* [WHAT IS NEEDED] Give the data again exactly, without its images.

* [AVAILABLE DATA]
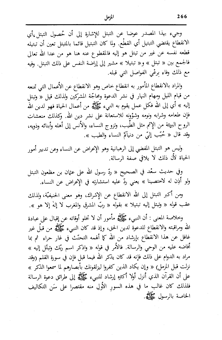 وَالْمُرَادُ بِالِانْقِطَاعِ الْمَأْمُورِ بِهِ انْقِطَاعٌ خَاصٌّ وَهُوَ الِانْقِطَاعُ عَنِ الْأَعْمَالِ الَّتِي تَمْنَعُهُ مِنْ قِيَامِ اللَّيْلِ وَمَهَامِّ النَّهَارِ فِي نَشْرِ الدَّعْوَةِ وَمُحَاجَّةِ الْمُشْرِكِينَ وَلِذَلِكَ قِيلَ وَتَبَتَّلْ إِلَيْهِ أَيْ إِلَى اللَّهِ فَكُلُّ عَمَلٍ يَقُومُ بِهِ النَّبِيءُ صَلَّى اللهُ عَلَيْهِ وَسَلَّمَ مِنْ أَعْمَالِ الْحَيَاةِ فَهُوَ لِدِينِ اللَّهِ فَإِنَّ طَعَامَهُ وَشَرَابه ونومه وشؤونه لِلِاسْتِعَانَةِ عَلَى نَشْرِ دِينِ اللَّهِ. وَكَذَلِكَ مُنْعِشَاتُ الرُّوحِ الْبَرِيئَةِ مِنَ الْإِثْمِ مِثْلَ الطِّيبِ، وَتَزَوُّجِ النِّسَاءِ، وَالْأُنْسِ إِلَى أَهْلِهِ وَأَبْنَائِهِ وَذَوِيهِ، وَقَدْ قَالَ: «حُبِّبَ إِلَيَّ مِنْ دُنْيَاكُمُ النِّسَاءُ وَالطِّيبُ» .
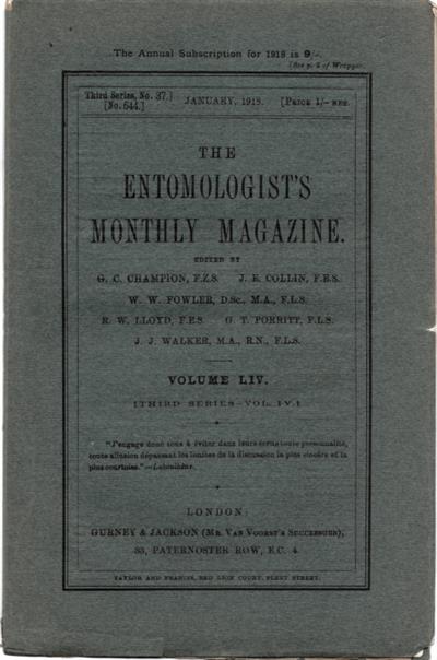 The Entomologist's Monthly Magazine Vol. 54 (1918)
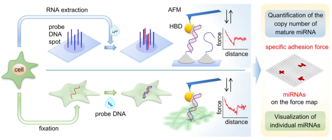 圖1 上半部分:為了定量化檢測特定miRNA,從單個細胞中提取總RNA,并使目標miRNA與探針DNA點雜交;下半部分:在固定的單個細胞上繪制特定miRNA的原位分布,并使探針DNA與固定的miRNA雜交。利用連接HBD的原子力顯微鏡探針產(chǎn)生的力-距離力曲線中的特定粘附力來識別miRNA/DNA雜交物。單個的miRNA/DNA雜交物在粘附力圖上呈現(xiàn)為一簇像素。實驗方法

* [SOLUTION BELOW]
 وَالْمُرَادُ بِالِانْقِطَاعِ الْمَأْمُورِ بِهِ انْقِطَاعٌ خَاصٌّ وَهُوَ الِانْقِطَاعُ عَنِ الْأَعْمَالِ الَّتِي تَمْنَعُهُ مِنْ قِيَامِ اللَّيْلِ وَمَهَامِّ النَّهَارِ فِي نَشْرِ الدَّعْوَةِ وَمُحَاجَّةِ الْمُشْرِكِينَ وَلِذَلِكَ قِيلَ وَتَبَتَّلْ إِلَيْهِ أَيْ إِلَى اللَّهِ فَكُلُّ عَمَلٍ يَقُومُ بِهِ النَّبِيءُ صَلَّى اللهُ عَلَيْهِ وَسَلَّمَ مِنْ أَعْمَالِ الْحَيَاةِ فَهُوَ لِدِينِ اللَّهِ فَإِنَّ طَعَامَهُ وَشَرَابه ونومه وشؤونه لِلِاسْتِعَانَةِ عَلَى نَشْرِ دِينِ اللَّهِ. وَكَذَلِكَ مُنْعِشَاتُ الرُّوحِ الْبَرِيئَةِ مِنَ الْإِثْمِ مِثْلَ الطِّيبِ، وَتَزَوُّجِ النِّسَاءِ، وَالْأُنْسِ إِلَى أَهْلِهِ وَأَبْنَائِهِ وَذَوِيهِ، وَقَدْ قَالَ: «حُبِّبَ إِلَيَّ مِنْ دُنْيَاكُمُ النِّسَاءُ وَالطِّيبُ» .
 The Entomologist's Monthly Magazine Vol. 54 (1918)
 圖1 上半部分:為了定量化檢測特定miRNA,從單個細胞中提取總RNA,并使目標miRNA與探針DNA點雜交;下半部分:在固定的單個細胞上繪制特定miRNA的原位分布,并使探針DNA與固定的miRNA雜交。利用連接HBD的原子力顯微鏡探針產(chǎn)生的力-距離力曲線中的特定粘附力來識別miRNA/DNA雜交物。單個的miRNA/DNA雜交物在粘附力圖上呈現(xiàn)為一簇像素。實驗方法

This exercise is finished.